Il y a tant de questions à poser sur ces deux inventions: la date d’exécution des originaux (ils ne sont pas mentionnés dans le Libro di spese diverse, qui recense les œuvres à partir de 1540), le commanditaire (le même que les deux autres tableaux vendus par Bartolomeo della Nave?), la fonction réelle (je ne pourrais jurer qu’il s’agit de couvertures pour deux portraits), la référence à la production littéraire (le thème du vieillissement des belles femmes est aussi répandu dans la poésie contemporaine), etc. On entrerait donc dans le domaine du monde littéraire, mais on entrerait dans le domaine des esprits du peintre vénitien, qui n’est pas le même que celui des deux autres tableaux vendus par Bartolomeo della Nave. Ce serait cependant entrer dans le domaine de la conjecture et de l’investigation spécialisée, et ce n’est certainement pas le lieu pour le faire.

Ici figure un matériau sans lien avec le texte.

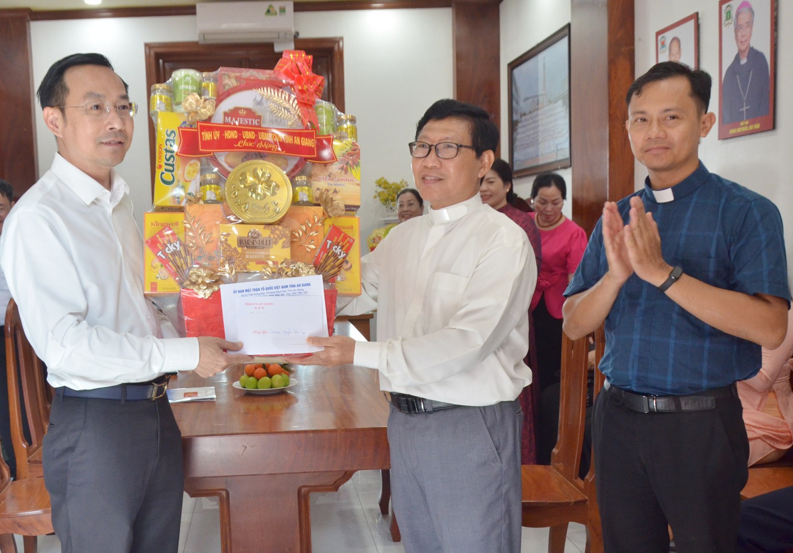 Phó Bí thư Thường trực Tỉnh ủy, Chủ tịch HĐND tỉnh An Giang Nguyễn Thanh Nhàn (bìa trái) thăm, tặng quà Giáo xứ Rạch Giá.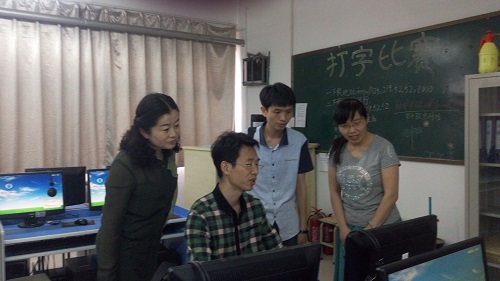 在河南工程公司,公共管理实验教学中心主任陈俊豪老师陪同纪主任一行参观了速录实验室,并详细观摩了人力资源管理教学系统和电子政务教学系统。陈主任热情积极,向参观老师详细的讲解了实验室的日常使用,并提供了实验室日常管理相关材料。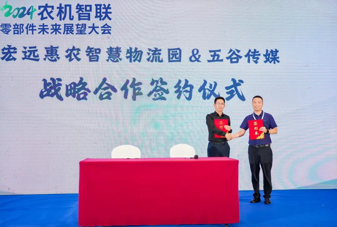 本次会议通过深入交流、共同探讨,为零部件行业的创新发展指明了方向。未来,中国农业机械流通协会将继续推动零部件与智能化、网联化的深度融合,帮助零部件企业提升智能化水平和远程服务能力,为农机提供更加精准、高效、可靠的支撑。大会现场还举行了宏远惠农智慧物流园与五谷传媒战略合作签约仪式。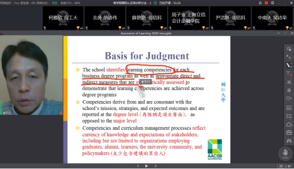 本次培训研讨会由Blackboard中国教育研究院副院长张丹博士主持,AACSB国际资深认证专家,台湾辅仁大学副校长李天行教授为主讲嘉宾,来自北京外国语大学、中南财经大学及西南财经大学等来自国内22所大学经管类学院的领导和老师,共计90人齐聚云端,共同研讨商学院国际认证工作。

Je voudrais cependant conclure par une dernière réflexion sur le sort des deux tableaux. Ont-ils vraiment été perdus? N’est-il pas vrai que sur le mur d’une maison ou d’un atelier (hongrois ou je ne sais où) sont accrochées deux étranges (et peut-être sales) peintures attribuées au cercle d’Annibale Carracci qui attendent depuis près de quatre siècles que leur paternité soit reconnue?